*** Opening of Records provided ***

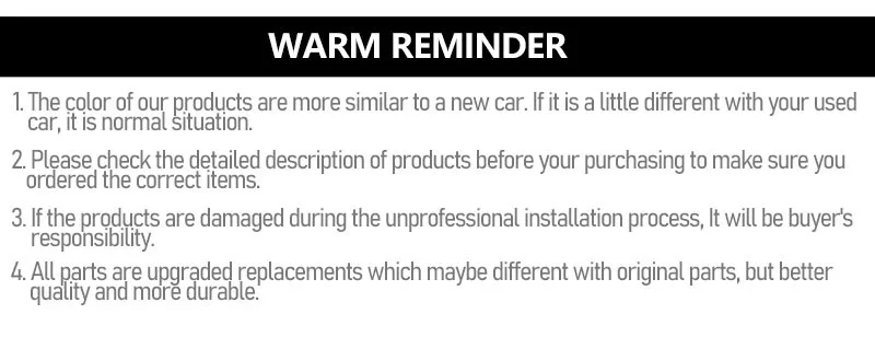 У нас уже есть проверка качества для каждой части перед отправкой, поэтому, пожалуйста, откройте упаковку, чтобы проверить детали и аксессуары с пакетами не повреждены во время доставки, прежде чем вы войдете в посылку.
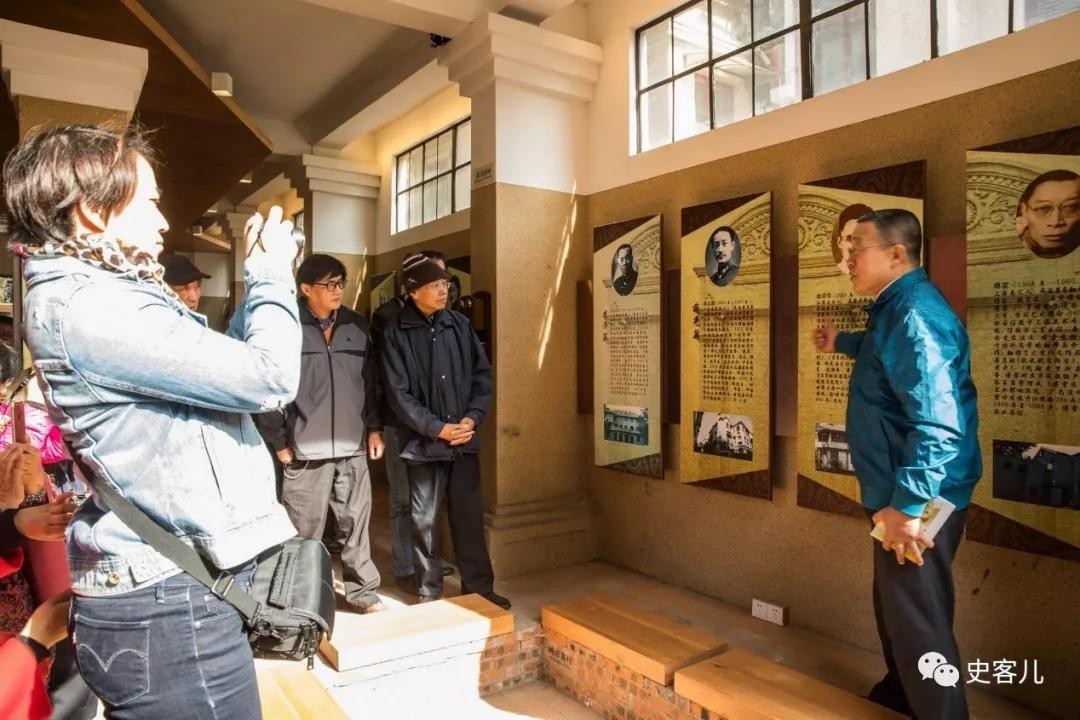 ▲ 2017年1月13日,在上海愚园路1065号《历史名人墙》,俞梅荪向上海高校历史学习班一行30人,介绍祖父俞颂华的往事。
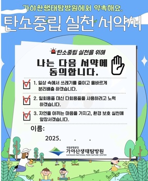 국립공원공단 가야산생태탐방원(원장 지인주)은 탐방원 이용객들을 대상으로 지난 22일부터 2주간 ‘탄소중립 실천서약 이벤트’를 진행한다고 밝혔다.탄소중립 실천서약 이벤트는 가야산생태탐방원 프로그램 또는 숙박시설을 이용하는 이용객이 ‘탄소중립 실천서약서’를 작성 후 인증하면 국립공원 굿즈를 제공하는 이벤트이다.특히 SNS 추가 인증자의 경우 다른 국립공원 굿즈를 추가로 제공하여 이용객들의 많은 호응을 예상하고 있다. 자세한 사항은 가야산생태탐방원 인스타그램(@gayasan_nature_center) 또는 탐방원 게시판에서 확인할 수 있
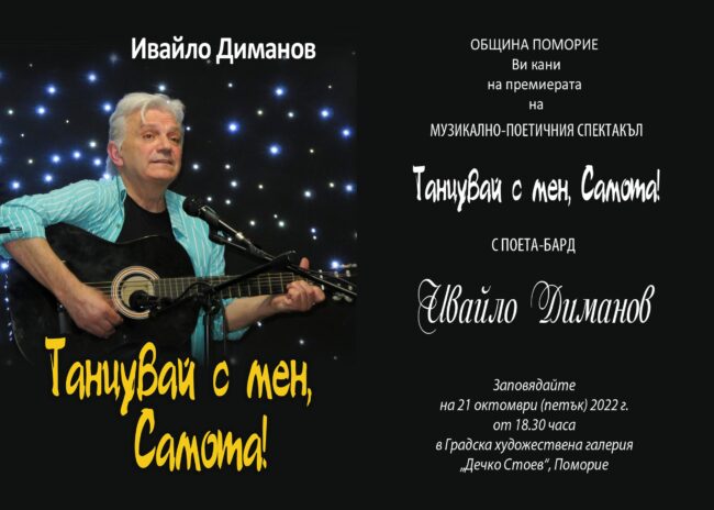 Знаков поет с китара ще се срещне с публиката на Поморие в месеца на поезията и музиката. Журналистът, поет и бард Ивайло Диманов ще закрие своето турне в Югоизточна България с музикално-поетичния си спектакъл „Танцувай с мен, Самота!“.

*** Close of Records provided ***
*** Opening of Records provided ***

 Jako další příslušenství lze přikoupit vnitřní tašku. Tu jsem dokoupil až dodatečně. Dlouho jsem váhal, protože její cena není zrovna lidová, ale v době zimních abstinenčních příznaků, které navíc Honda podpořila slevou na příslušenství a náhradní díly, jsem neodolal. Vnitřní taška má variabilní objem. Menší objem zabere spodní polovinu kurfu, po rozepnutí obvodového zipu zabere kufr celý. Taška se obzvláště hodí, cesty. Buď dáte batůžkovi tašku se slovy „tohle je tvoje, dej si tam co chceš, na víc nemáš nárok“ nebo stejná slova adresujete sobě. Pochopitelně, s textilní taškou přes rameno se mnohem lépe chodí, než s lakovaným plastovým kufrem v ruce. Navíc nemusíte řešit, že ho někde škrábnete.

*** Close of Records provided ***
*** Opening of Records provided ***

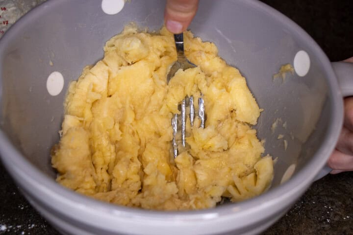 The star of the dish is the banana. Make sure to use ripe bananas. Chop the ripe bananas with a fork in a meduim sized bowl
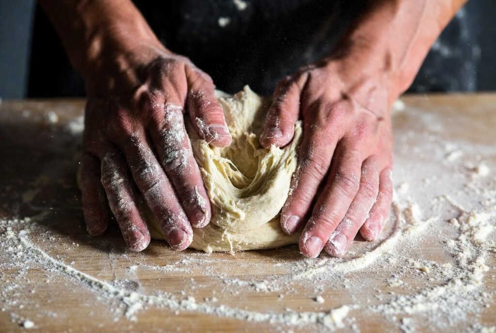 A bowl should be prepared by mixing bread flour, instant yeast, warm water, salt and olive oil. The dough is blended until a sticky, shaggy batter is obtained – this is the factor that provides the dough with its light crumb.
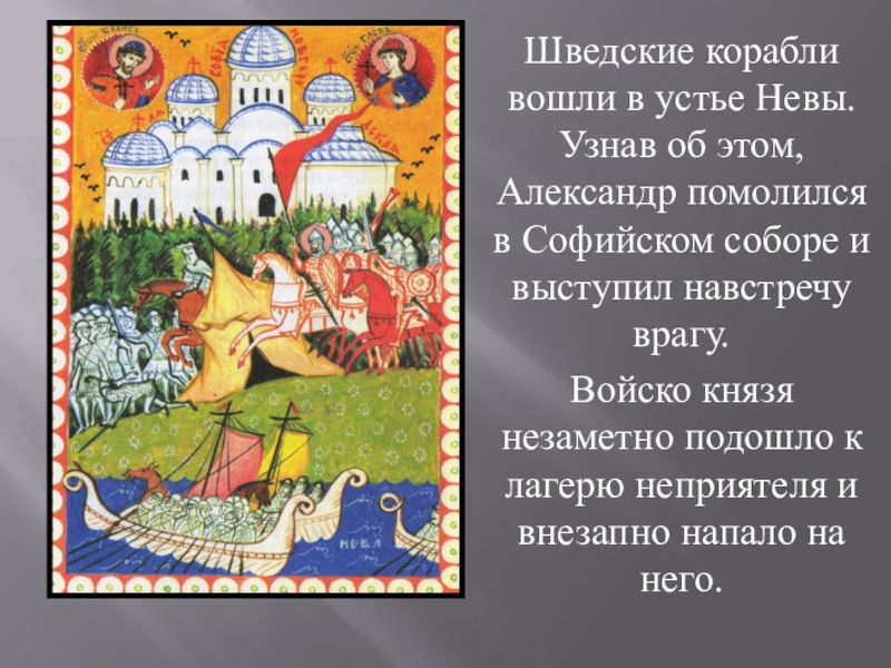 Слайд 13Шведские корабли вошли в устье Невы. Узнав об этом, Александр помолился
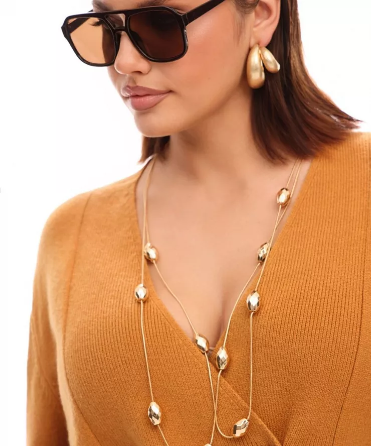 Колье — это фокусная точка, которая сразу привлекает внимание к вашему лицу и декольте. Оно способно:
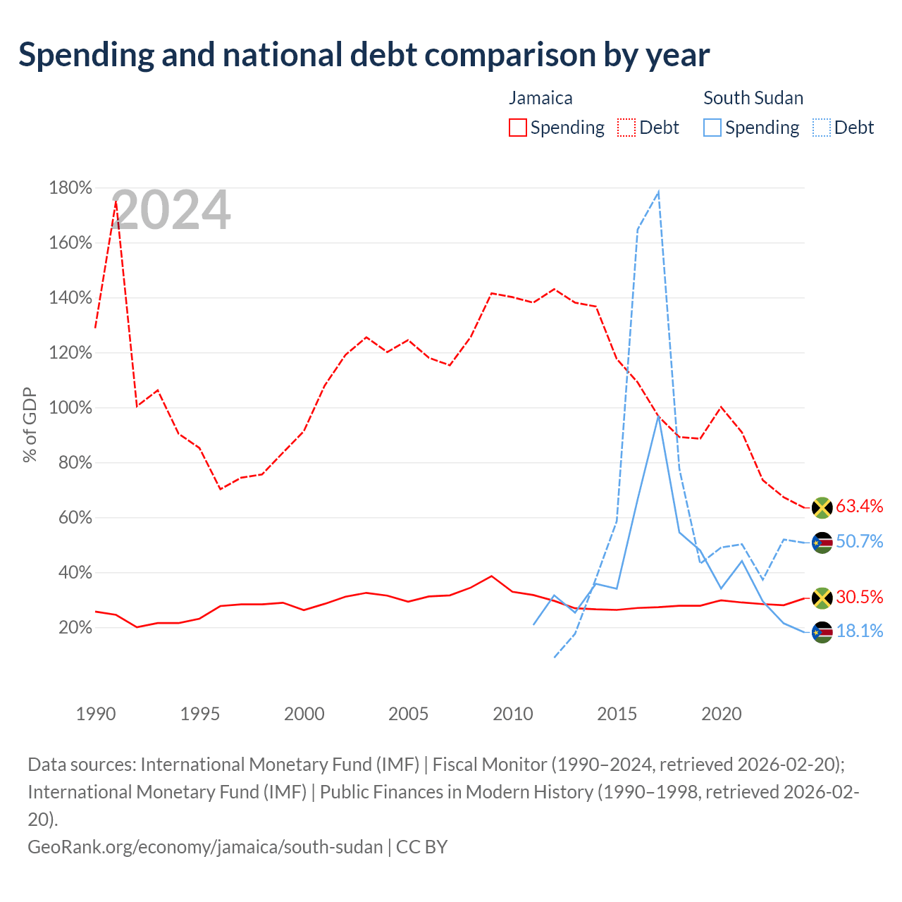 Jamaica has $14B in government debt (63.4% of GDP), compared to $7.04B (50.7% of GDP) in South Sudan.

*** Close of Records provided ***

Although the records above contain pictures, the copy must not; set down exactly the lines from the one with "У нас уже есть" up to and including the one with "Знаков поет с".

 У нас уже есть проверка качества для каждой части перед отправкой, поэтому, пожалуйста, откройте упаковку, чтобы проверить детали и аксессуары с пакетами не повреждены во время доставки, прежде чем вы войдете в посылку.
 ▲ 2017年1月13日,在上海愚园路1065号《历史名人墙》,俞梅荪向上海高校历史学习班一行30人,介绍祖父俞颂华的往事。
 국립공원공단 가야산생태탐방원(원장 지인주)은 탐방원 이용객들을 대상으로 지난 22일부터 2주간 ‘탄소중립 실천서약 이벤트’를 진행한다고 밝혔다.탄소중립 실천서약 이벤트는 가야산생태탐방원 프로그램 또는 숙박시설을 이용하는 이용객이 ‘탄소중립 실천서약서’를 작성 후 인증하면 국립공원 굿즈를 제공하는 이벤트이다.특히 SNS 추가 인증자의 경우 다른 국립공원 굿즈를 추가로 제공하여 이용객들의 많은 호응을 예상하고 있다. 자세한 사항은 가야산생태탐방원 인스타그램(@gayasan_nature_center) 또는 탐방원 게시판에서 확인할 수 있
 Знаков поет с китара ще се срещне с публиката на Поморие в месеца на поезията и музиката. Журналистът, поет и бард Ивайло Диманов ще закрие своето турне в Югоизточна България с музикално-поетичния си спектакъл „Танцувай с мен, Самота!“.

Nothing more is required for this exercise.